Required work: Using the data that follows, output only the lines from the line with "Wine Color Beautiful" up to and including the line with "Nafukovací matrace s", exactly, leaving pictures aside.
(Beginning of Data for processing)
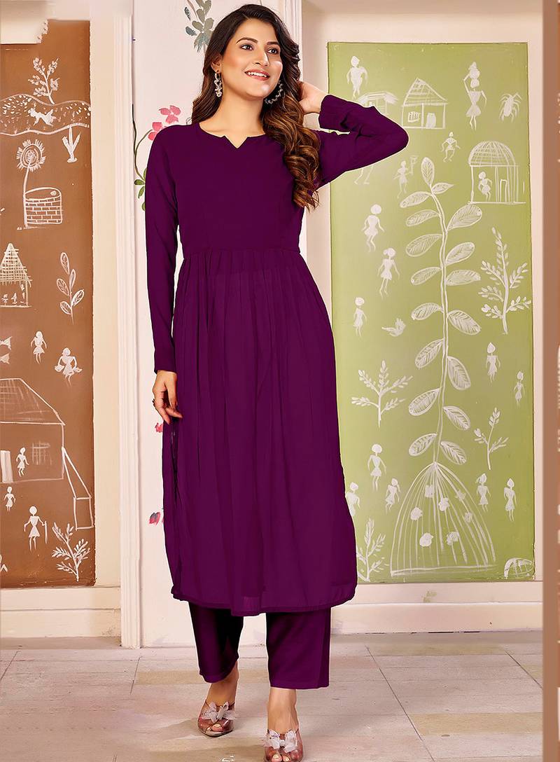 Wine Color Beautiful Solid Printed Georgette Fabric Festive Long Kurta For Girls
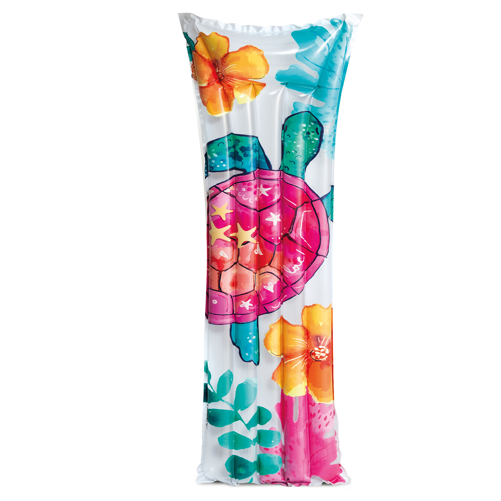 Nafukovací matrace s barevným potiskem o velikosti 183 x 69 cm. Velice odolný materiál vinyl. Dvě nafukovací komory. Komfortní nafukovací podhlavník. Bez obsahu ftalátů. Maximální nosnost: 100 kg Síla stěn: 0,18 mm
(End of Data for processing)
(Beginning of Data for processing)
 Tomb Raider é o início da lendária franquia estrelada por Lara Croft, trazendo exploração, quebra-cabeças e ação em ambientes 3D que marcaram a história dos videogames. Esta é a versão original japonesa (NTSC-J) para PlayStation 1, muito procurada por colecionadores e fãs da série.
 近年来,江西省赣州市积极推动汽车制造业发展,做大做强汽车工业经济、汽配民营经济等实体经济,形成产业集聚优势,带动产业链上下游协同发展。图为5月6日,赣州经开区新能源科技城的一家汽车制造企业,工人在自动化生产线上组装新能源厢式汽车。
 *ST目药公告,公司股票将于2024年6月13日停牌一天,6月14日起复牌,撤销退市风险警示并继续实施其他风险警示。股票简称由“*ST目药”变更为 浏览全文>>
(End of Data for processing)
(Beginning of Data for processing)
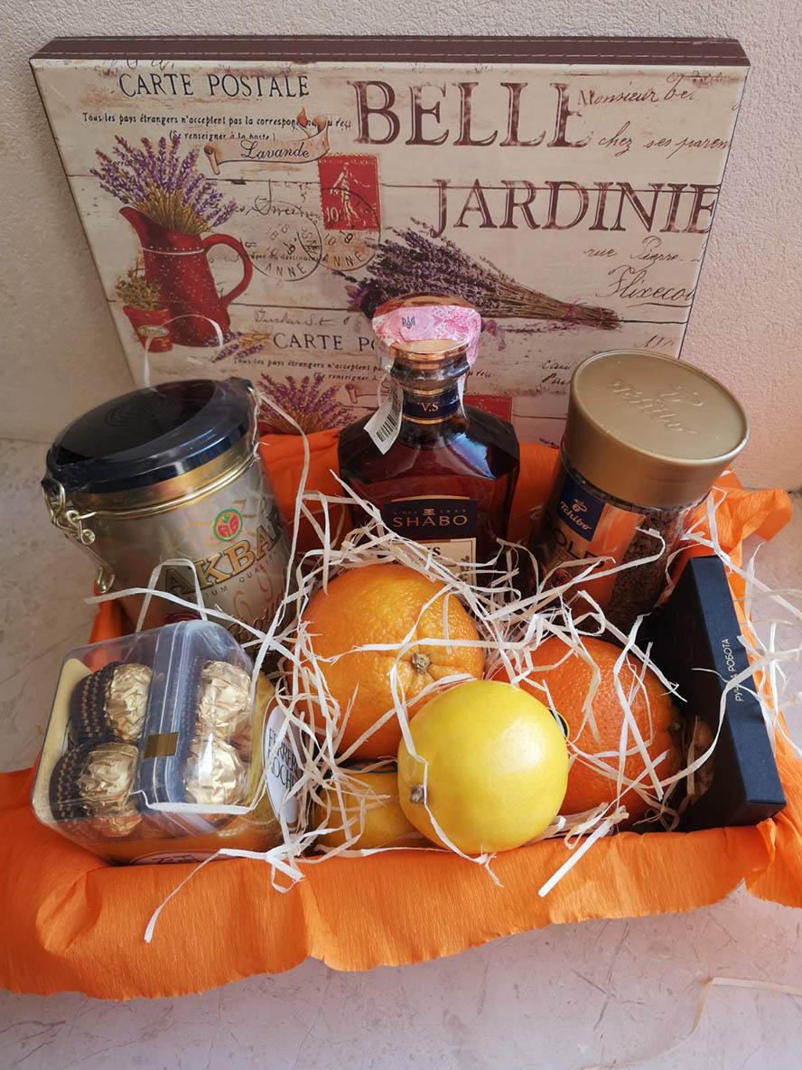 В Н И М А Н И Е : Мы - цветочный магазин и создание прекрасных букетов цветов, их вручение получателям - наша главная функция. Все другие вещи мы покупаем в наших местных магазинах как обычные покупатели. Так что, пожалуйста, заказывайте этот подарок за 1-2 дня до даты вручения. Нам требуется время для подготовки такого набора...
(End of Data for processing)
Task solution:
 Wine Color Beautiful Solid Printed Georgette Fabric Festive Long Kurta For Girls
 Nafukovací matrace s barevným potiskem o velikosti 183 x 69 cm. Velice odolný materiál vinyl. Dvě nafukovací komory. Komfortní nafukovací podhlavník. Bez obsahu ftalátů. Maximální nosnost: 100 kg Síla stěn: 0,18 mm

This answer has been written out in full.